#### Exercise input:
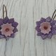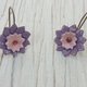 所有形状皆是从铜片上以手工裁切而成。铜是珐琅工艺的绝佳基材,将湿润的珐琅釉料覆盖于铜表面后,经过干燥,再以摄氏 790 度的高温窑烧。 这朵花由两片珐琅质地的部分组成,一片是浅紫色,另一片则是较深的紫色。 耳饰的扣环同样是手工制作。
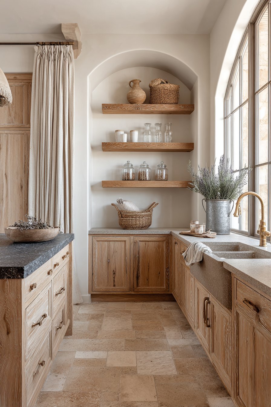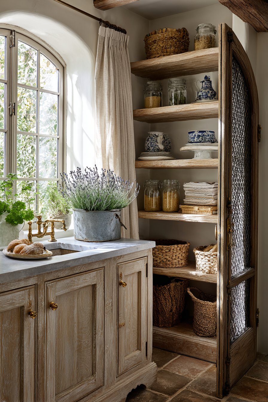 The slightly irregular surfaces show authentic traditional character. Rustic wood shelving with decorative corbels adds architectural interest. French pottery, woven baskets, and vintage glass jars create displays. A small farmhouse sink with exposed brass fittings provides utility.
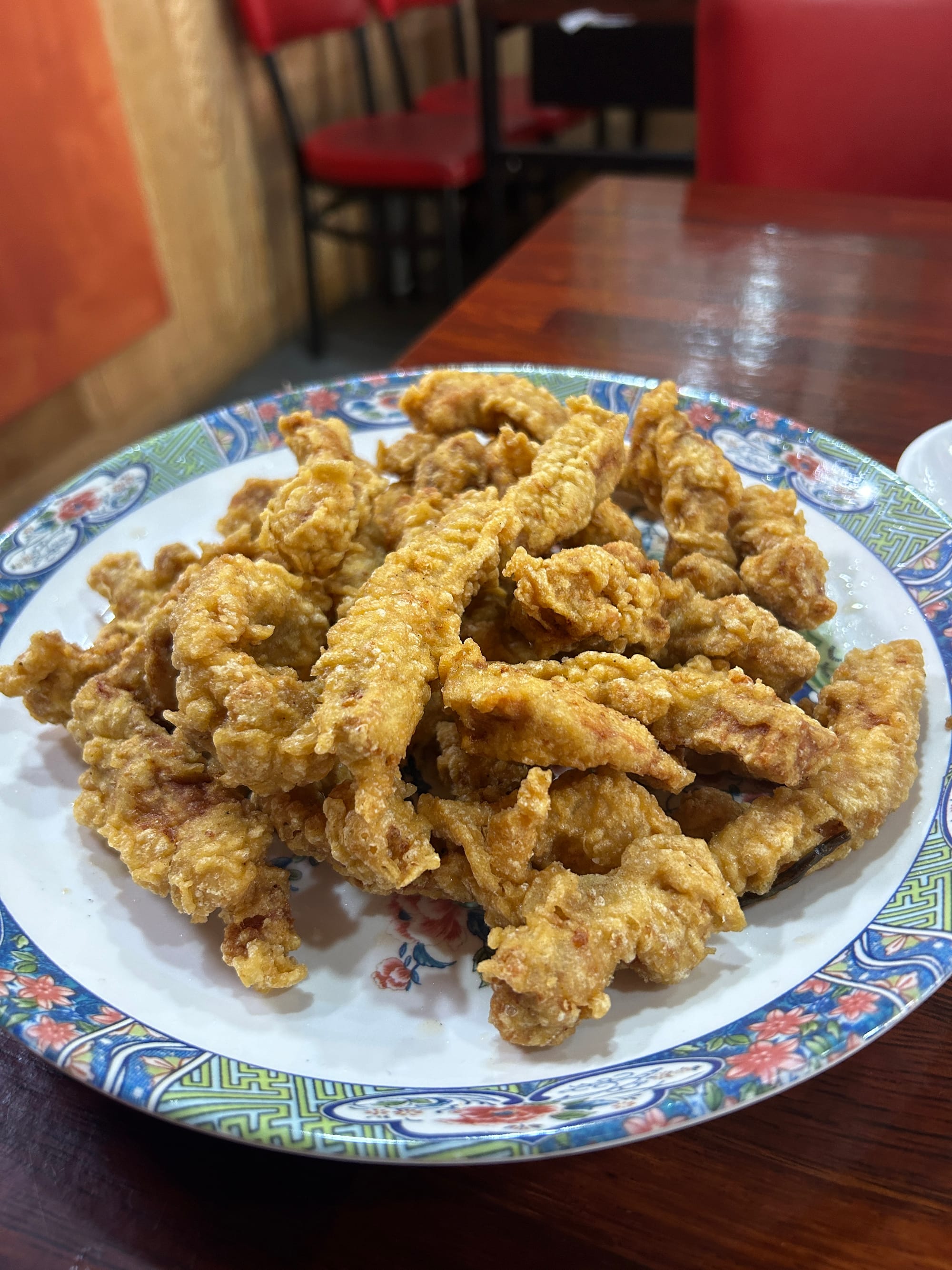 안동반점의 고기튀김은 적절한 두께로 잘라낸 고기를 소금과 후추에 의존해 먹는, 단순하고 파괴적인 추억의 음식이지만 이제는 이것이 중국식 튀김 요리의 이상향이라고 주장하고 싶지 않다. 같은 분과 내에서도 '팔선' 계통 스타일처럼 고기의 진한 맛이 튀는 방향도 좋다고 생각한다(최근에 '맛이차이나'에 다시 간 이유도 바로 거기에 있었다). 잡채밥의 볶음밥은 잡채와 조미의 역할을 안분하고 있어 점잖은 와중에도 텍스처는 좋지만, 이제는 '홍명'처럼 당면은 체면치레 수준으로 비중을 줄인 잡채가 이 요리의 발전 방향으로 옳다고 생각한다. 당면과 밀가루 뭉쳐 만든 각종 가공품은 현대 한국인의 주적이다.
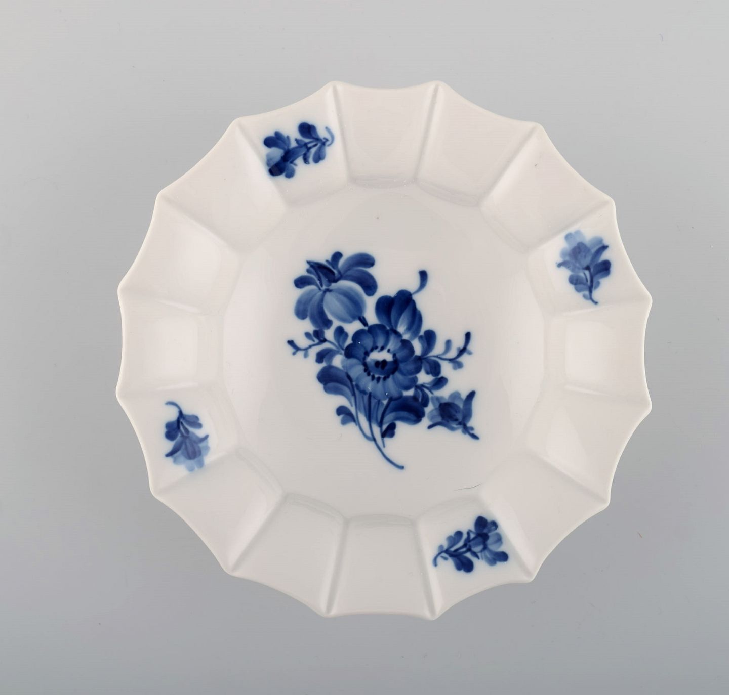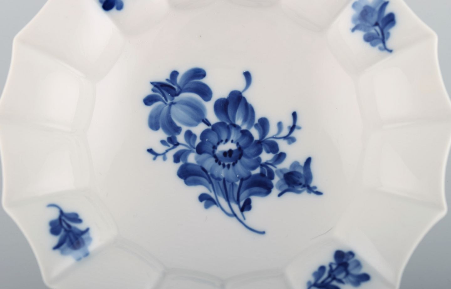Royal Copenhagen Blå Blomst Kantet skål. Modelnummer 10/8556. Dateret 1975-1979.
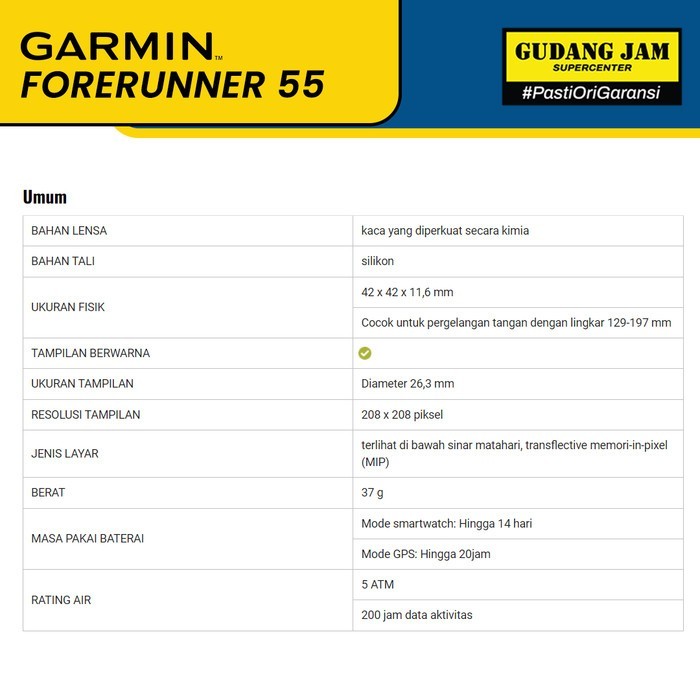 Garmin Forerunner 55 GPS Sport Smartwatch - Garansi Resmi TAM 2 Tahun
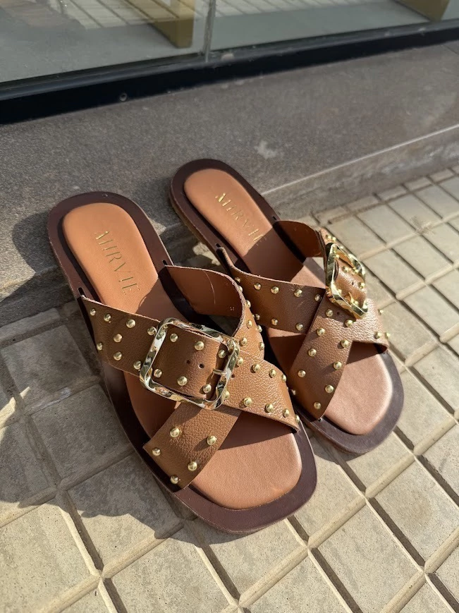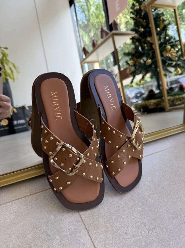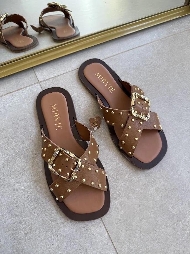 Sandália rasteira feminina em couro legítimo, na cor caramelo. O modelo apresenta duas tiras largas cruzadas sobre o peito do pé, inteiramente adornadas por aplicações metálicas douradas em formato de tachas. Cada tira possui uma fivela grande dourada, que acrescenta destaque e personalidade ao design. A palmilha em tom claro segue o formato quadrado, com bordas em marrom, trazendo um visual moderno e bem estruturado. A sandália deixa o pé totalmente à mostra, unindo conforto, estilo e um toque marcante.
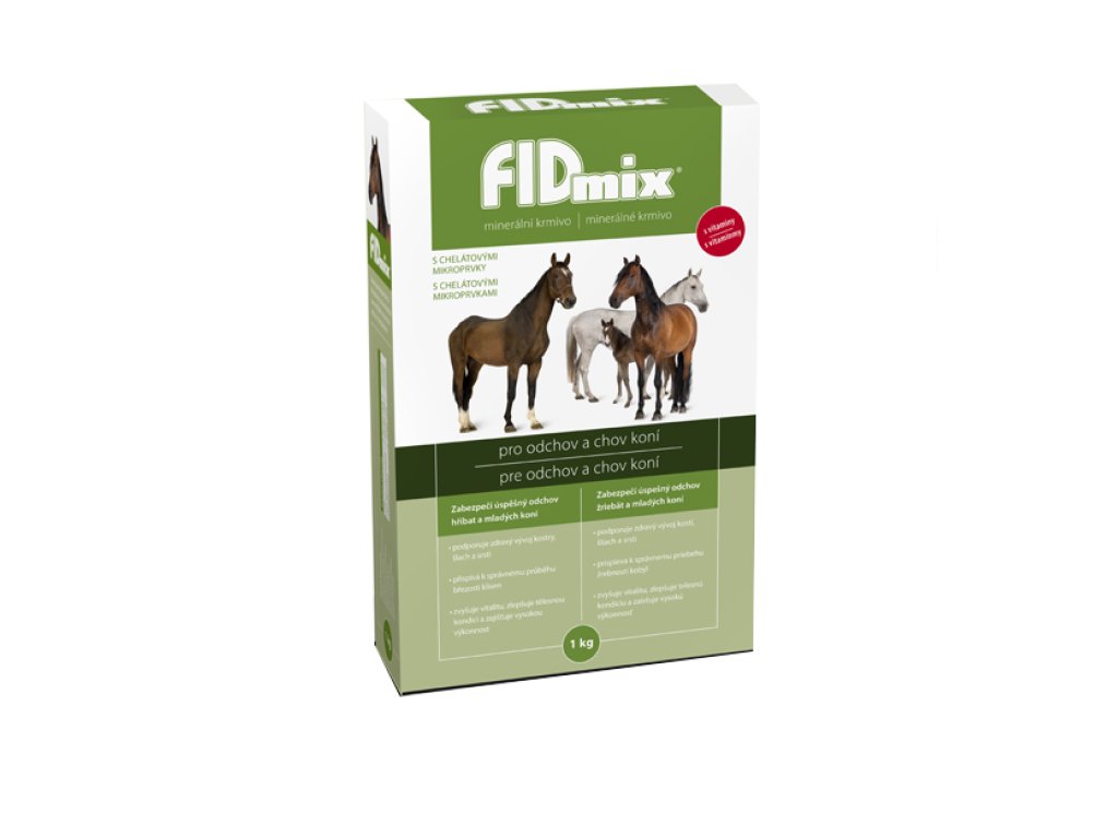 FIDmix je minerálne vitamínové krmivo pre kone všetkých vekových kategórií. U žriebät zabezpečuje správny vývoj kostry, šliach a srsti. Dospelým koňom FIDmix zvyšuje vitalitu, zabezpečuje dobrý zdravotný stav, reprodukciu, kondíciu a vysokú výkonnosť. Starším zvieratám poskytuje ľahký prístup k vitamínom, makroprvkom, mikroprvkom a aminokyselinám. FIDmix prispieva aj k správnemu priebehu gravidity a laktácie kobyl. Obsahuje všetky potrebné vitamíny a minerálne látky v optimálnej dávke na doplnenie a vyrovnanie ich dennej potreby.
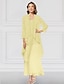 Tweedelig Strak kolom Jurk pak Tot de knie Bruiloft gast jurk Moeder van de bruid jurk 3/4 mouw Met sieraad Elegant Eenvoudig Formeel Bruiloft gast Stretchstof Jas Jurken met Borduurwerk Appliqués
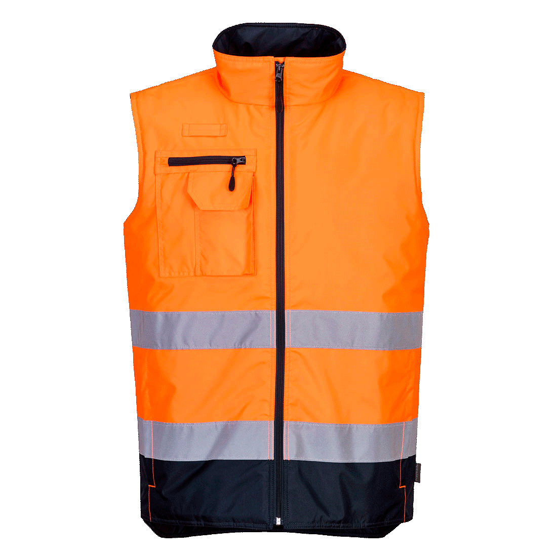 Perinteinen kaksivärinen lämpöliivi. Monitoimiset taskut ml.tilava puhelintasku ja lämmin vuori.

#### Task description:
Make an exact copy of the listing above. Do not include the pictures.

#### Expected answer:
 所有形状皆是从铜片上以手工裁切而成。铜是珐琅工艺的绝佳基材,将湿润的珐琅釉料覆盖于铜表面后,经过干燥,再以摄氏 790 度的高温窑烧。 这朵花由两片珐琅质地的部分组成,一片是浅紫色,另一片则是较深的紫色。 耳饰的扣环同样是手工制作。
 The slightly irregular surfaces show authentic traditional character. Rustic wood shelving with decorative corbels adds architectural interest. French pottery, woven baskets, and vintage glass jars create displays. A small farmhouse sink with exposed brass fittings provides utility.
 안동반점의 고기튀김은 적절한 두께로 잘라낸 고기를 소금과 후추에 의존해 먹는, 단순하고 파괴적인 추억의 음식이지만 이제는 이것이 중국식 튀김 요리의 이상향이라고 주장하고 싶지 않다. 같은 분과 내에서도 '팔선' 계통 스타일처럼 고기의 진한 맛이 튀는 방향도 좋다고 생각한다(최근에 '맛이차이나'에 다시 간 이유도 바로 거기에 있었다). 잡채밥의 볶음밥은 잡채와 조미의 역할을 안분하고 있어 점잖은 와중에도 텍스처는 좋지만, 이제는 '홍명'처럼 당면은 체면치레 수준으로 비중을 줄인 잡채가 이 요리의 발전 방향으로 옳다고 생각한다. 당면과 밀가루 뭉쳐 만든 각종 가공품은 현대 한국인의 주적이다.
Royal Copenhagen Blå Blomst Kantet skål. Modelnummer 10/8556. Dateret 1975-1979.
 Garmin Forerunner 55 GPS Sport Smartwatch - Garansi Resmi TAM 2 Tahun
 Sandália rasteira feminina em couro legítimo, na cor caramelo. O modelo apresenta duas tiras largas cruzadas sobre o peito do pé, inteiramente adornadas por aplicações metálicas douradas em formato de tachas. Cada tira possui uma fivela grande dourada, que acrescenta destaque e personalidade ao design. A palmilha em tom claro segue o formato quadrado, com bordas em marrom, trazendo um visual moderno e bem estruturado. A sandália deixa o pé totalmente à mostra, unindo conforto, estilo e um toque marcante.
 FIDmix je minerálne vitamínové krmivo pre kone všetkých vekových kategórií. U žriebät zabezpečuje správny vývoj kostry, šliach a srsti. Dospelým koňom FIDmix zvyšuje vitalitu, zabezpečuje dobrý zdravotný stav, reprodukciu, kondíciu a vysokú výkonnosť. Starším zvieratám poskytuje ľahký prístup k vitamínom, makroprvkom, mikroprvkom a aminokyselinám. FIDmix prispieva aj k správnemu priebehu gravidity a laktácie kobyl. Obsahuje všetky potrebné vitamíny a minerálne látky v optimálnej dávke na doplnenie a vyrovnanie ich dennej potreby.
 Tweedelig Strak kolom Jurk pak Tot de knie Bruiloft gast jurk Moeder van de bruid jurk 3/4 mouw Met sieraad Elegant Eenvoudig Formeel Bruiloft gast Stretchstof Jas Jurken met Borduurwerk Appliqués
 Perinteinen kaksivärinen lämpöliivi. Monitoimiset taskut ml.tilava puhelintasku ja lämmin vuori.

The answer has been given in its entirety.